Video generation models are evolving quickly, but many of them require large GPU memory and complicated setups. The LTX-2.3 model is a lightweight alternative that can run efficiently using GGUF quantized models.

If you’re thinking about purchasing a new GPU, we’d greatly appreciate it if you used our Amazon Associate links. The price you pay will be exactly the same, but Amazon provides us with a small commission for each purchase. It’s a simple way to support our site and helps us keep creating useful content for you. Recommended GPUs: RTX 5090, RTX 5080, and RTX 5070. #ad

With the GGUF format, LTX-2.3 becomes much easier to run locally, even on GPUs with limited VRAM. When combined with ComfyUI, you can build flexible workflows that generate videos from either text prompts or input images.

In this guide, you will learn how to run LTX-2.3 GGUF in ComfyUI for image-to-video generation. The same workflow can also be used for text-to-video, allowing you to create short AI videos directly from prompts.

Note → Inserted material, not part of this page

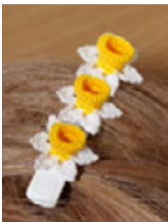
The daffodil used on a barrette!...

Cut the thread and hide the ends, or save some thread to sew the flower onto where you want it to be.

We will walk through the required models, how to load the workflow, and the basic settings needed to generate your first video.

LTX-2.3 Models

GGUF Model: The GGUF models can be found here. I have a RTX 5090, and I used the Q8 variant. I downloaded ltx-2.3-22b-dev-Q8_0.gguf. If you have less VRAM, use other variants like Q6 or Q4. Put the GGUF models in ComfyUI\models\unet\ .
Text Encoders: Download gemma_3_12B_it.safetensors and ltx-2.3_text_projection_bf16.safetensors; put them in ComfyUI\models\text_encoders\ .
VAE: Download both the video VAE and audio VAE from LTX-2.3 VAE Folder, put them in ComfyUI\models\vae\ .
Latent Upscale Mode: Download ltx-2.3-spatial-upscaler-x2-1.0.safetensors , and put it under ComfyUI\models\latent_upscale_models\ .
LoRA: Download ltx-2.3-22b-distilled-lora-384.safetensors . Place them in ComfyUI\models\loras\ .

LTX-2.3 Image-to-Video GGUF Installation

Update your ComfyUI to the latest version if you haven’t already. (Run update\update_comfyui.bat for Windows). You also need to update ComfyUI-GGUF, ComfyUI-LTXVideo, and ComfyUI-KJNodes to the latest versions.
Download the json file, and open it using ComfyUI.
Use ComfyUI Manager to install missing nodes.
Restart ComfyUI.

LTX-2.3 Workflow Nodes

Load Models Group

Create better content, faster. Get 15% OFF OpenArt with CONTENT15

Select the GGUF model you downloaded.

Choose the video VAE and the audio VAE.

Specify the latent upscale model.

Pick the distilled LoRA.

Load Image Group

Choose a file if you are using image-to-video

Set this to true if you want to use text-to-video

Set Prompt Group

Pick the two text encoders.

Enter the postive prompt and the negative prompt here.

Set the frames per second.

Number of frames to be generated. For 24fps, this is about 10 seconds.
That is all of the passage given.